The senators called on Meta to detail its security review process for sharing data with developers in China and Russia and to provide a record of the types of information for which these Chinese and Russian developers had access and the timeframes of that access. The senators also called on Meta to provide an estimate of the number of U.S. Facebook users whose data was shared with a developer located in each of the countries identified as “high-risk” nations.
The senators also asked if Meta has any indication that any developers’ access enabled coordinated inauthentic activity, targeting activity, malicious advertising, fraudulent activity, or any other malign behavior by foreign governments.
NTD News reached out to Meta for comment on this issue, but they did not respond by the time this article was published.
In a response letter shared with Bloomberg, Meta said the documents detailing Facebook’s data-sharing with developers in “high-risk” nations “are an artifact from a different product at a different time.”
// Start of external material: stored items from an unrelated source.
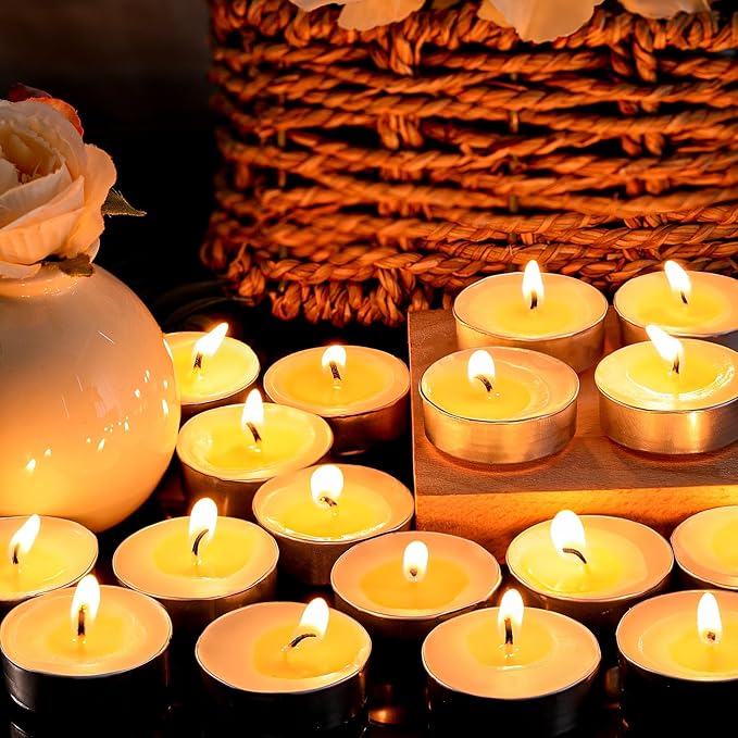 【天然植物成分で、安全かつ負担なし】LETINEのティーライトキャンドルは天然パームワックスと 100% 綿製の芯を使用しています。燃焼時にも有害物質を放出しにくく、お子様がいらっしゃるご家庭やペットをお飼いのご家庭でも安心してご使用いただけます。100% 綿製の芯は燃焼が安定し、無煙で環境に優しく、使用時の安全性と快適さを大幅に高めます。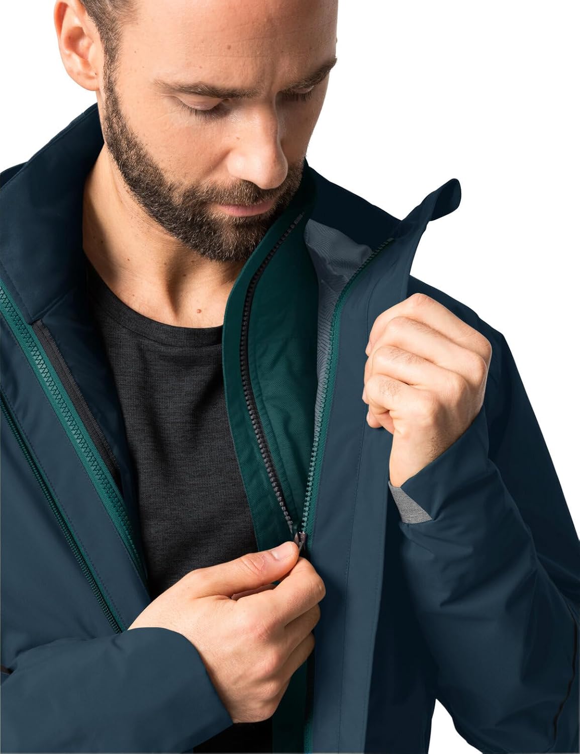 PRODUKTBESCHREIBUNGEN Mit der Yaras 3in1 Jacket sind Radler auf Radreisen und im Winter gegen schlechtes Wetter bestens gerüstet! Die 2,5-lagige Ceplex Active-Membran hält Nässe zuverlässig draussen, wasserdichte Taschen sorgen zudem dafür, dass Karte, Smartphone und andere Wertsachen stets bestens geschützt und trocken bleiben. Die einstellbare Kapuze hält den Kopf auch bei anhaltend schlechtem Wetter trocken, das durchdachte Belüftungssystem sorgt zudem für ein optimales Trageklima. Doch auch die Innenjacke geizt nicht mit Funktion - sie ist im Brustbereich und an den Schultern mit einer Wattierung aus PrimaLoft® Black Insulation 100%Eco versehen, die an sensiblen Stellen für mehr Wärme an kalten Wintertagen sorgt. Zwei Reissverschlusstaschen und Stretch-Einlagen bieten viel Flexibilität in jeder Tragesituation, der Stehkragen verringert Zugluft und garantiert ein ausgezeichnetes Tragegefühl. Die Materialien werden der Umwelt zuliebe nach dem bluesign®-Standard hergestellt. In Kombination mit der Yaras Rain Pants wird das Regenoutfit komplett.Mit reflektierenden Elementen. Dieses Produkt ist mit Eco Finish umweltfreundlich wasserabweisend ohne Fluorcarbone (PFC) hergestellt. Das VAUDE Green Shape-Label steht für ein umweltfreundliches, funktionelles Produkt aus nachhaltigen Materialien.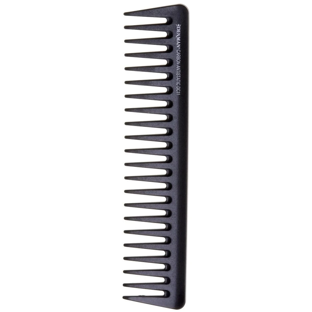 A classic tool for out-of-control hair, this anti-static Detangling Rake Comb from Denman has been designed for the safe and pain-free removal of tangles and knots. A wide-tooth comb for all hair types, it can be used on wet or dry hair. In black.
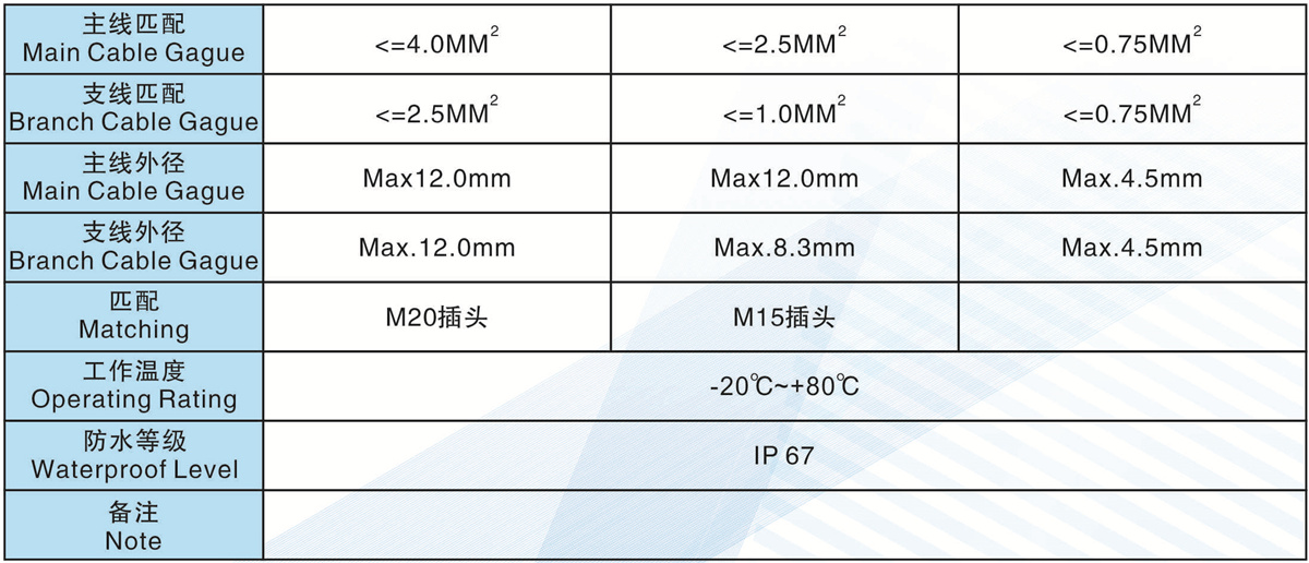 支線匹配(Branch Cable Gague):<=1.5MM2

“Many years ago, we made substantive changes to our platform, shutting down developers’ access to key types of data on Facebook while reviewing and approving all apps that request access to sensitive information,” Meta’s response letter read.
Facebook Privacy Lawsuit
Facebook has been the subject of a privacy lawsuit for the past four years. That lawsuit raised allegations the platform inappropriately shared user data with third parties including Cambridge Analytica.
Cambridge Analytica was a British political consulting firm that came under investigation in 2018 after allegations it had improperly used the data of 87 million Facebook users to support the 2016 “Brexit” vote for the UK to leave the European Union and Donald Trump’s 2016 election campaign. After the allegations came about, the political consulting firm filed for bankruptcy.
While Cambridge Analytica closed down, the lawsuit against Facebook has continued. In addition to their complaints about Cambridge Analytica, the plaintiffs allege Facebook’s practices had compromised their data privacy and that data “may be available on the dark web or in the hands of foreign nationals.”
In August, Meta agreed in principle to settle the lawsuit.
In December, the parties had reached a settlement figure of about $725 million. In that settlement agreement, Meta maintained that it had done nothing wrong and that its users consented to the practices and suffered no actual damages.